Я знал, что рискую, — и все-таки не удержался.

— Классовое сознание и классовые признаки, никаких юридических формальностей… Что же получается, папа? Значит, если бы я прошелся по Ростову в накрахмаленном белом воротничке и при галстуке, это было бы достаточным основанием, чтобы…

Отец зло сверкнул на меня желто-коричневыми глазами.

— А ты не ходи в двадцатом году по Ростову в накрахмаленном воротничке!

Мы оба помолчали, успокаиваясь. Я смотрел на него: элегантная тройка, дорогая белая рубашка, отлично вывязанный многоцветный галстук… Тогда, в двадцатом, в Ростове, одного его нынешнего вида хватило бы, чтобы попасть в роковой список.

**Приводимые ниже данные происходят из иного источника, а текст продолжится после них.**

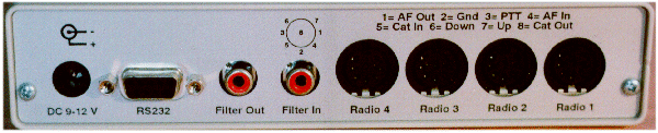 4 radio ports, each equipped with audio in/out, ptt, up, down, cat in and cat out pins.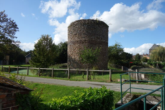 Während des 100 jähr. Krieges zerstört, wurde sie 1493 nach Plänen von Florentin Girard de Barenton wieder aufgebaut und im Laufe der Jahrhunderte, von seinen jeweiligen Besitzern teilweise zerstört. Der Donjon mit schönem Tor, flankiert von 2 Türmen, einer davon mit einer Galerie verbunden, sowie ein isolierter Eckturm sind noch erhalten.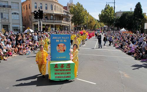 墨尔本法轮大法团体连续十六年受邀参加游行,当天有两辆精心装扮的花车和色彩各异的表演方阵向世人展示了法轮大法的美好。

У нас дома в комоде завалялась коробка с галстуками (он купил ее еще до ссылки) — их было шесть, все — новые. Потом, через несколько лет, я ее часто вспоминал. Отец, рабочий, покупал галстуки по полудюжине, а я, доцент Одесского университета, нахальный пижон, как меня иногда называли, ни разу не раскошелился больше чем на один — и тот в получку. Шесть смертных приговоров в простой картонной коробке, растерянно и возмущенно думал я, шесть «разменов» по классовому признаку…

— Столько ты всего испытал, — сказал я горько, — а зачем? Чтобы потом снова выискивать дорогую одежду и мечтать о собственном магазине…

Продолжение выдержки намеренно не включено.